Resource Exploitation
Analyzing the text, Gabriele proposes a semantic redefinition of the term "exploitation," trying to shift it from a negative connotation to a neutral or positive one. His argument is based on a logical premise: if exploitation is the use of resources (human, natural, technological), then it is a necessary and inevitable process. However, this logical equivalence overlooks a crucial distinction in common language and socio-economic debate: between "use" (neutral) and "exploitation" (which generally implies an imbalance of power, an asymmetrical appropriation of value or excessive use). Gabriele merges the two concepts, but does not provide concrete data or examples to demonstrate that in contemporary business growth, increased productivity is not often accompanied by forms of exploitation in the critical sense of the term (for example, stagnant wages despite increased productivity, precarious working conditions, externalization of environmental costs).
His statement that "business growth is the result of investing capital to increase productivity" is technically correct in economics, but it is a simplification: it does not address how the distribution of the fruits of that productivity is often unequal, which is at the heart of "Mrs. Giuliana's" criticism.
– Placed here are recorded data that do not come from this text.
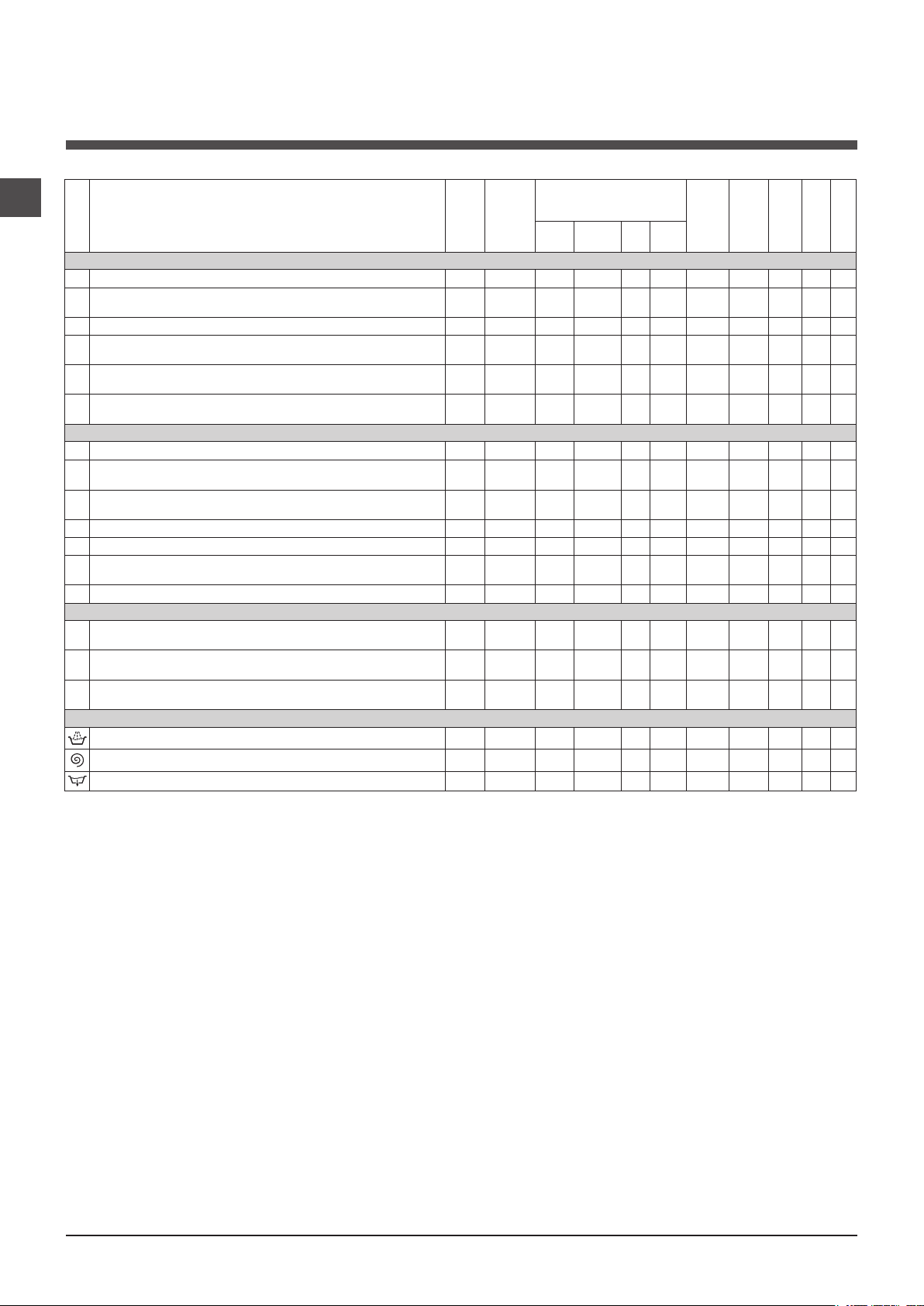 Table of wash cycles
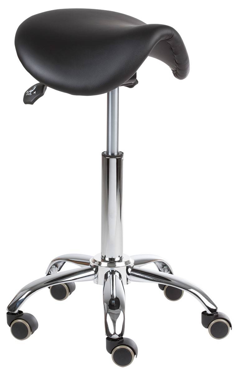 Vakiona normaalia korkeampi kaasujousi Jalkaristikon halkaisija: 460 mm Istuinkorkeus: 560 - 760 mm Istuimen leveys: 400 mm Istuimen syvyys: 360 mm Paino: 6 kg Verhoilu: musta ECO Leather keinonahka Runko: kromi
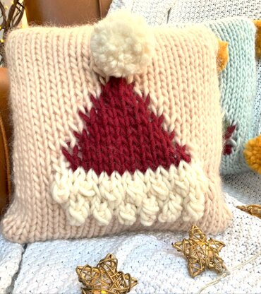 Super cute cushion cover pattern with Santa’s hat motif and a fluffy pom pom. This petite cushion is perfect for adding a festive touch, and the bobble stitch creates cosy texture. Pair with my small elf hat cushion cover for maximum joy!
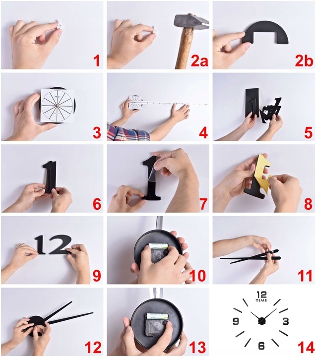 Zegar ścienny DIY NEPRI 65 – 130 cm – czarny 3D
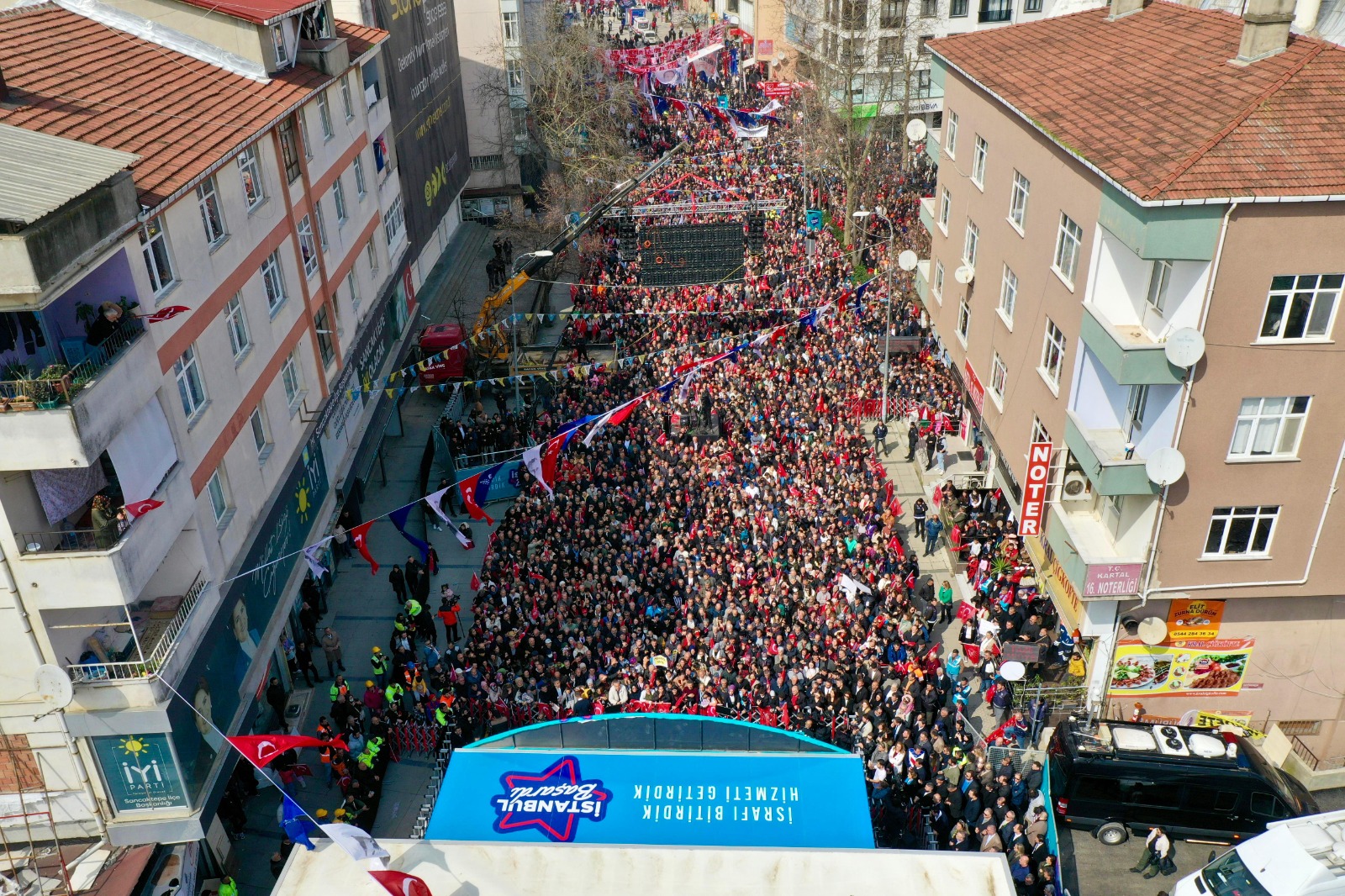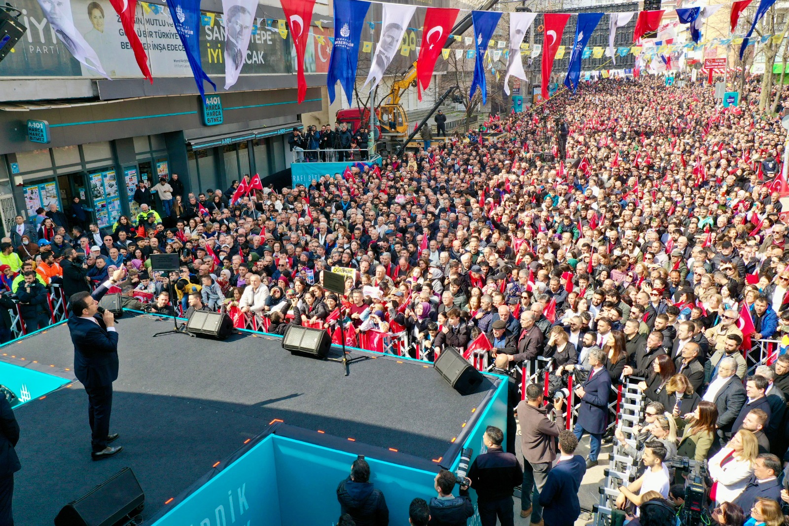 “ELİNE YÜCE KURAN'I ALIP, ONUNLA SİYASET YAPANI ALLAH ISLAH ETSİN”İmamoğlu’nun konuşmasının bu noktasında, elinde Kur’an-ı Kerim bulunan yaş almış bir kadın vatandaş, provokasyon girişiminde bulundu. Alanı dolduran vatandaşların tepkisini dindiren ve sakin olmaya davet eden İmamoğlu, provokasyon girişimine, “Bana hediye etmek istersen alırım Kur'an-ı Kerim'i senden.Tamam. Sakin, sakin. Ablamız, aldanmış bir ablamız. Ablamız aldanmış bir ablamız. Sakin, sakin. Elinde Kur’an-ı Kerim'le iftira atmak, günahların en büyüğü. Allah ona yardım etsin. Allah ona yardım etsin. Mübarek Ramazan ayında, Allah ona yardım etsin. Sakin, sakin, sakin.Şimdi bu arkadaşlar, bunun gibi ablalarımızı bile aldattılar. Onları bile mahvettiler. Eline Yüce Kuran'ı alıp, onunla siyaset yapanı Allah ıslah etsin, Allah ıslah etsin. Ama onlar aldanmış. Biz onları da kurtaracağız, onları da. Bu millet onları da kurtaracak. Onlar aldanmış zavallılar. Allah yardım etsin ona ne diyeyim” sözleriyle tepki gösterdi. “İBB’NİN YÜKLENİCİLERİNE, BİZ GELDİĞİMİZDE TAM 70 MİLYON EURO BORCU VARDI”10 metro inşaatının, 2017-19 yılları arasında, farklı zaman dilimlerinde durdurulduğunu aktaran İmamoğlu, “Bitirdiğimiz her metro projesine, ‘Biz başlattık’ diye sahip çıkıyorlar. Gerçeğin tamamını söylemiyorlar. ‘Doğru, biz başlattık, ama kısa süre sonra hepsinin kapısına kilit vurduk’ diyemiyorlar.Bakın; biz göreve gelene kadar, metro inşaatlarında çalışma varmış gibi bir izlenim vermeye çalışıyorlar. Yalancının, pişkinliğin bu kadarına, İstanbulluya yapılan bu büyük haksızlığa siz ne yapacaksınız biliyor musunuz? Bu işin sahibi, buraya harcanan her kuruşun, her paranın sahibi olarak, sandıkta ceza keseceksiniz, ceza. Bakın; böyle sorumsuz, böyle iş bilmez, böyle had bilmez bir akla, İstanbul bir daha teslim edilemez” diye konuştu.Başlatılıp durdurulan çoğu metronun projesinin dahi bulunmadığına dikkat çeken İmamoğlu, “Bazılarında sadece ihale vardı biliyor musunuz? Başka hiçbir şey yoktu. Şantiye bile yoktu. Bakın hiçbirinin finansal altyapısı oluşturulamamıştı. İBB’nin yüklenicilerine, biz geldiğimizde tam 70 milyon Euro borcu vardı. Çekmeköy-Sancaktepe-Sultanbeyli ve diğer hatlar, işte bu yüzden durdurulmuştu. Belediyenin, metro yapımı için ödeyecek 5 kuruş parası bile yoktu. İBB'nin metro bütçesi iflas etmişti” bilgisini paylaştı. “VATANDAŞTAN GİZLEYİP, ALGI YAPMAYA ÇALIŞTIKLARI GERÇEK BUDUR”“İşte söylemedikleri, ısrarla vatandaştan gizleyip, algı yapmaya çalıştıkları gerçek budur” diyen İmamoğlu, “İşin bir başka yönü daha var. Bir başka ürkütücü yönü daha var. Yarım bıraktıları, böyle apar topar terk edilen şantiyelerde, ne yazık ki bu projenin tünelleri çökme riskiyle karşı karşıyaydı. Çünkü açılan birçok tünelin betonla güçlendirilme işlemleri bile yapılmamıştı.Bu durumda olan 40’a yakın tünel vardı İstanbul'da. Arkadaşlarım, bunların her birisini tespit etmişti. Her an çökme riski taşıyan 40 tünelle işleri paydos edip, ortadan kayboldular. Ve yüklenicileri, şantiyeleriyle baş başa bıraktılar. Biz geldik… Bütün finansman sorunlarını biz çözdük, biz. Bütün mühendislik eksikliklerini, proje gruplarıyla, yüklenicilerle oturup, aynı masada birlikte çözdük, giderdik. Ve aynı anda 10 metro hattı inşaatını gururla paylaştık, gururla” ifadelerini kullandı. “BİZİM YAPTIĞIMIZ 65 KİLOMETREYİ, SÖZÜM ONA 8 KİLOMETRE GİBİ GÖSTERME TELAŞINA DÜŞTÜLER”10 metro inşaatına başladıkları süreçte İBB Meclisi ve imza yetkisi olan bakanlıklar tarafından engellendiklerinin altını çizen İmamoğlu, şunları söyledi:
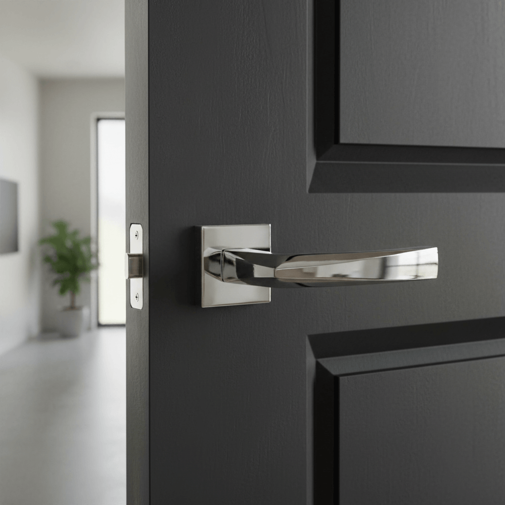 VersaLine Tobar Lever Door Handle on Long Rose – Matt Black Decorative Plate – Matt Black
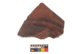 | Description / विवरण | Specimen of black on red ware with black decorative geometric painting. |
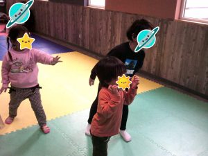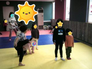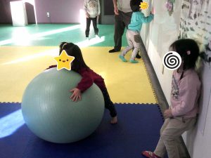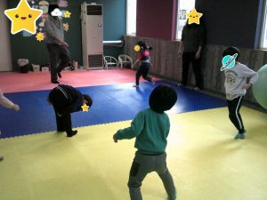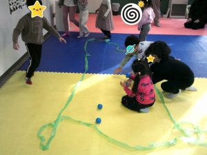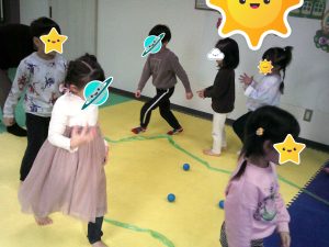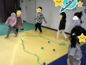 木曜日はボール取りゲームを行いました!音楽が止まった時にボールを一生懸命取りました!
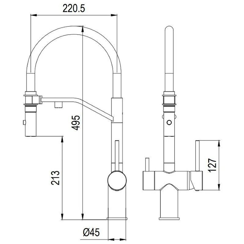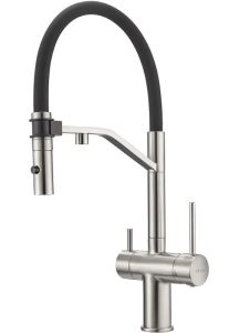 Смеситель для кухни Milacio Ultra MCU.557.SS с подключением к фильтру и гибким изливом нержавеющая сталь купить
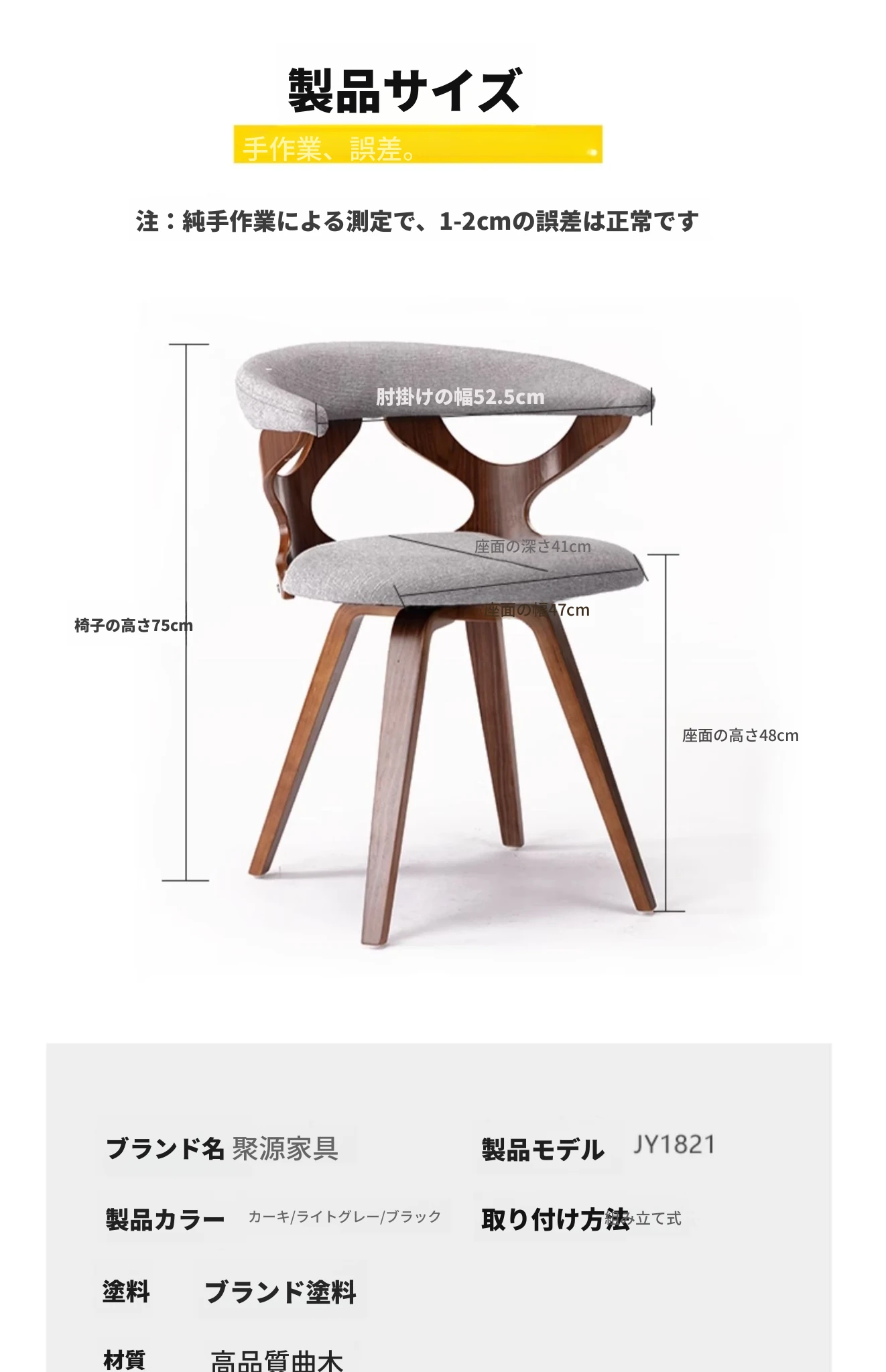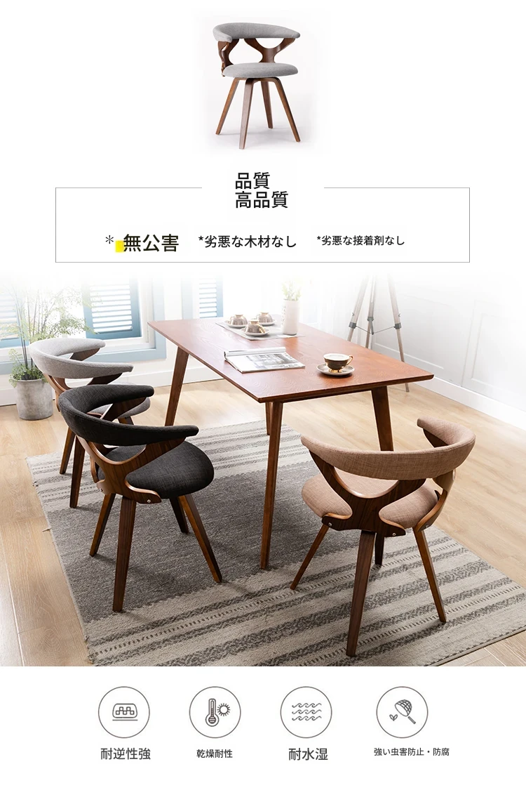 学生のための学習チェア - スタイリッシュな北欧デザインの実木製デスクチェア。快適な座り心地で、書斎やオフィスに最適。家庭用ダイニングテーブルにもぴったりな、牛角スタイルの実用的な椅子です!

When Gabriele states that "the problem is not exploitation, but excessive exploitation," he introduces a quantitative but not qualitative or distributive justice criterion. This shifts the debate from "whether" to "how much," but without defining the limits of what is acceptable or who should establish them. His conclusion is pragmatic and provocative: it's better to be exploited than to be useless. This point is based on a future projection (automation, reduced demand for human labor) which, although plausible in some economic theories, is used as rhetorical threat rather than as an analysis supported by specific data on the current working context. The final argument ("stop aiming to be exploitable resources and start being people who exploit the resources") is an invitation to individual empowerment, but it remains vague on how this can happen concretely in a system where access to capital and technology is unequal.
Internal consistency of the discourse is maintained around the revaluation of the term "exploitation," but the analysis lacks concreteness and does not address the concrete objections that could arise from real cases of work relationships or business practices.